Novel Molecular Targets for the Treatment of HIV-Associated Neurocognitive Disorders

Approximately 50% of HIV-infected individuals develop HIV-Associated Neurocognitive Disorders (HAND), manifested by declined motor/cognitive functions. Activation of peroxisome proliferator-activated receptor gamma (PPARγ), a transcription factor known to regulate glucose/lipid metabolism can also exert anti-HIV/anti-inflammatory effects. We hypothesized that PPARγ activation by a novel partial agonist, INT131, could suppress HIV-associated brain inflammation in vivo, in an ecotropic HIV-1 (EcoHIV) mouse model representative of HAND. The goal of this presentation is to discuss the role of INT131 in reversing infectivity and inflammation in brain regions of EcoHIV infected mice.

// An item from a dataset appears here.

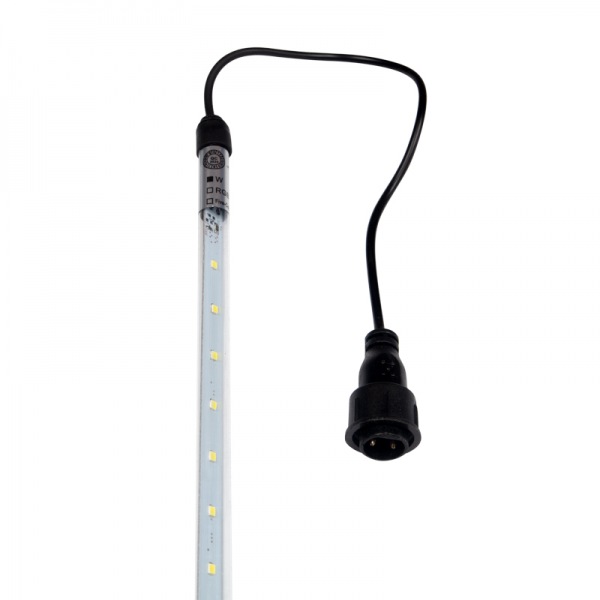 Гирлянда представляет собой готовый к использованию комплект: 10 пластиковых трубок и каучуковая шина, на которой расположены коннекторы с заглушками.

Using qPCR analysis, we have quantified markers for viral genes (Vif , Tat), inflammatory cytokines/chemokines, blood-brain barrier (BBB) tight junction proteins, and examined BBB permeability applying the NaF permeability assay, post intracranial injection of saline or EcoHIV (2x108 pg/ml) in: i) non infected mice, ii) infected EcoHIV mice, and iii) infected EcoHIV mice treated with daily oral administration of INT131 (50 mg/kg/day).
Compared to saline injected controls, exposure of mice to EcoHIV, significantly increased the mRNA expression of viral genes (Vif and Tat), inflammatory markers (Tnf-α, Il-1b, Il-6, and Ifn-γ) and decreased BBB markers (Ocln, Cldn5 and Tjp-1) in brain regions. INT131 significantly reduced the expression of inflammatory markers and restored the expression of BBB markers to control levels. We also observed a significant increase in BBB integrity, in vivo, measured by the NaF assay, with INT131 treatment in the EcoHIV mouse model.

Together, our work reveals that PPARγ could constitute a potential novel molecular target for the treatment/prevention of HIV-1 associated brain inflammation, BBB dysfunction and/or HAND. Future behavioural studies will investigate the efficacy of INT13l in reversing neurocognitive deficits in the EcoHIV mouse model. (Supported by Canadian Institutes of Health Research).